Consigne : vous reprendrez l’un de vos synopsis et le retravaillerez à la manière de Proust

Speed dating chez Léontine

Désertant le salon de thé pour leur pizzeria habituelle, en fin d’après-midi, elles se retrouvèrent avec la volonté de passer au crible chaque détail. Elles étaient prêtes à partager puis disséquer leurs notes pour établir une classification. Elles n’avaient plus de temps à perdre dans des relations sans lendemain, vouées à l’échec, elles s’orientaient vers un choix des plus binaires : l’homme idéal ou le célibat.

Il serait donc important d’étudier avec une rigoureuse précision chacune de ces 7 x 60 s, chacune perçant plus précisément la véritable nature du potentiel partenaire, chacune permettant, grâce aux questions, aux réponses, au langage corporel ou encore à la façon de se comporter en position de joueur, de cerner l’homme, de le catégoriser et finalement de l’analyser comme étant ou non un investissement pertinent de temps et d’énergie. Une réunion de trois visions féminines différentes, complémentaires, soit de multiples angles de vue convergeant en une mise en lumière voulue globale et exhaustive, un focus singulier faisant émerger quatre modèles masculins.

Idéaliste, rêvant de perfection, on est en quête du Dieu tout-puissant. Tandis que l’homme s’affirme « artiste intello-sportif », sain, investi, visiblement sans faille, résolument brillant, on s’irrite rapidement de cette détestable perfection, celle qui donne envie de hurler, celle qui donne envie de gratter le vernis, à la recherche d’un vice de forme. Alors grattant, s’acharnant, on cherche derrière l’apparence, cette pellicule dorée qui enrobe sûrement une réalité moins reluisante, et l’on trouve, finalement presque étonnées, on trouve du faux, de l’écœurant et la lumière comme l’air viennent à manquer. Aveuglées, on tâtonne jusqu’à la sincérité, là où, fine strate, elle s’effrite ; on s’y accroche, tremblantes, car on réalise qu’elle devient un penchant désuet.

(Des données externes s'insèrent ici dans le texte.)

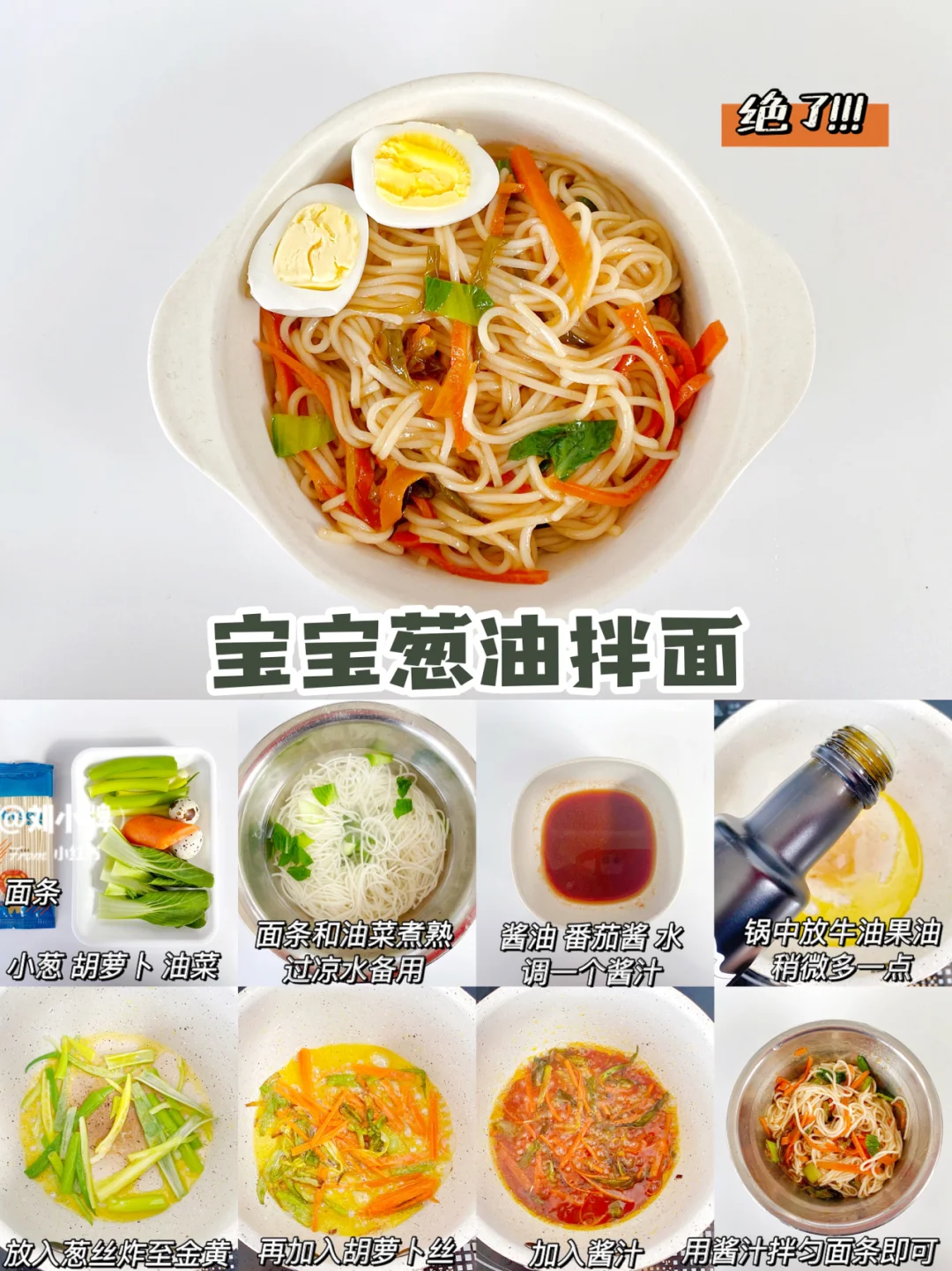 1.面条和油菜煮熟过凉水备用。小葱、胡萝卜切丝。
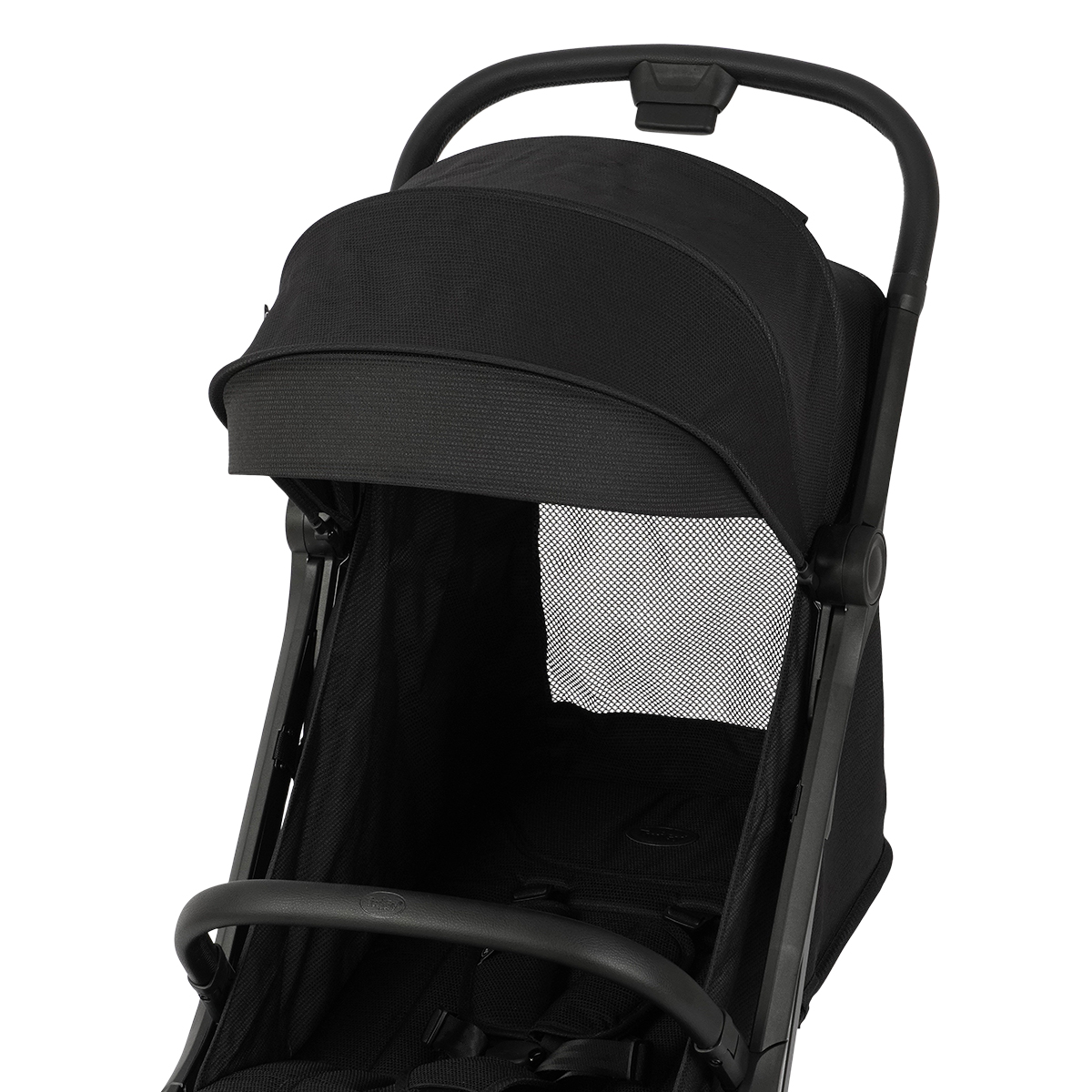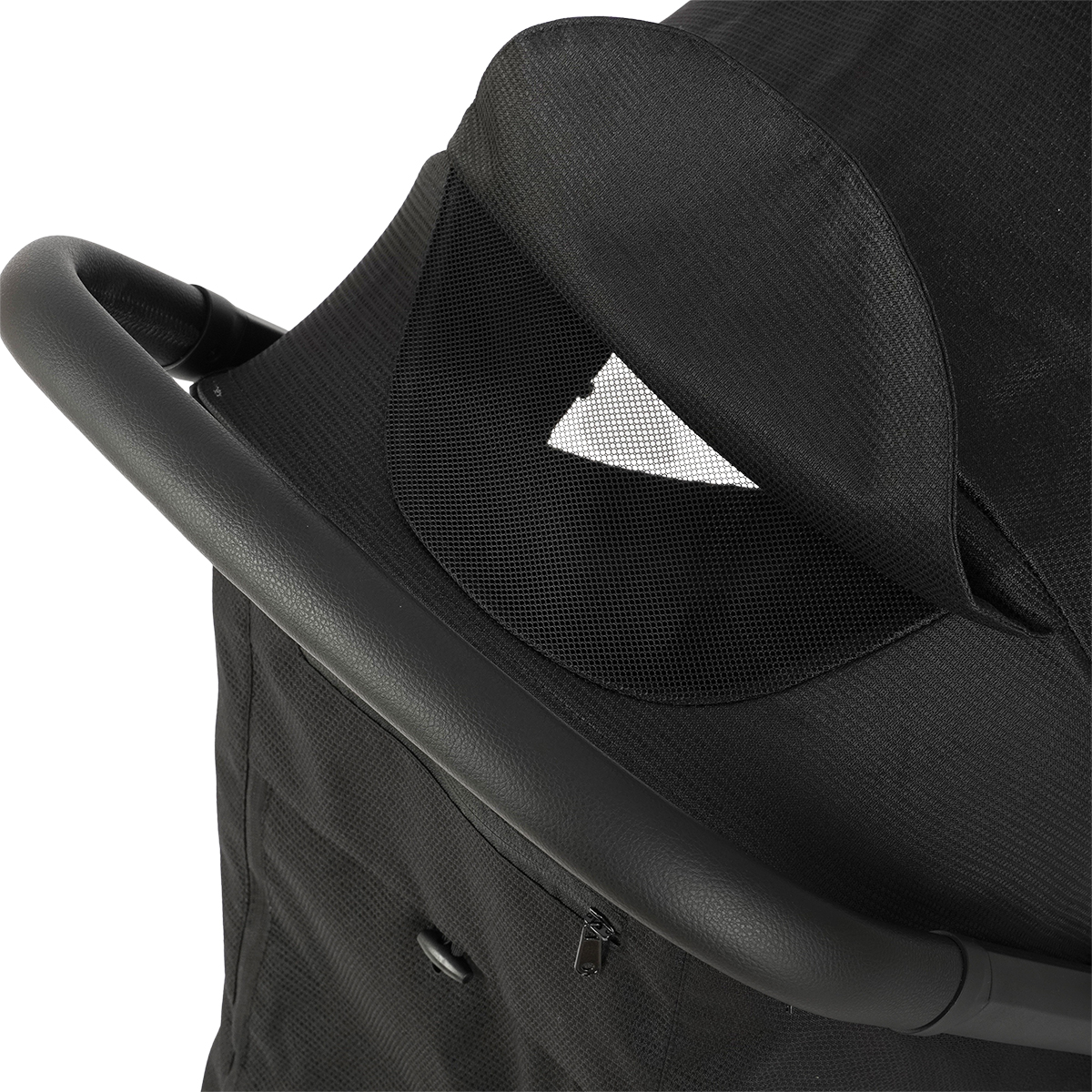 לעגלה גגון רחב במיוחד המספק הגנה מושלמת מהשמש וחלון הצצה, כולל דופן רשת נפתחת בגב העגלה על מנת לאפשר זרימת אוויר נעימה לתינוק.

Pour se rassurer on poursuit la lumière salutaire d’un phare inébranlable, résistant aux puissantes marées et dont les fondations seraient profondément ancrées dans le roc, fol espoir que l’on pense croiser dans les yeux francs du mâle. La vie l’aura forgé durement et on aime ça, les fêlures. On l’imagine discutant ses contrats dans la chambre froide de son commerce de façade, le poing serré, prêt à en découdre à la moindre occasion, même salement amoché, teigneux jusqu’à la fin. On savoure ce naturel provocateur qui pimente le quotidien jusqu’à brûler l’oxygène ambiant. On s’égare même à penser qu’il serait doux de fuir toutes responsabilités et de laisser l’homme porter la culotte. Fantasme ! Désir primaire, imaginaire qui, dès qu’il s’esquisse, renvoie, telle une claque, un évident manque de discernement.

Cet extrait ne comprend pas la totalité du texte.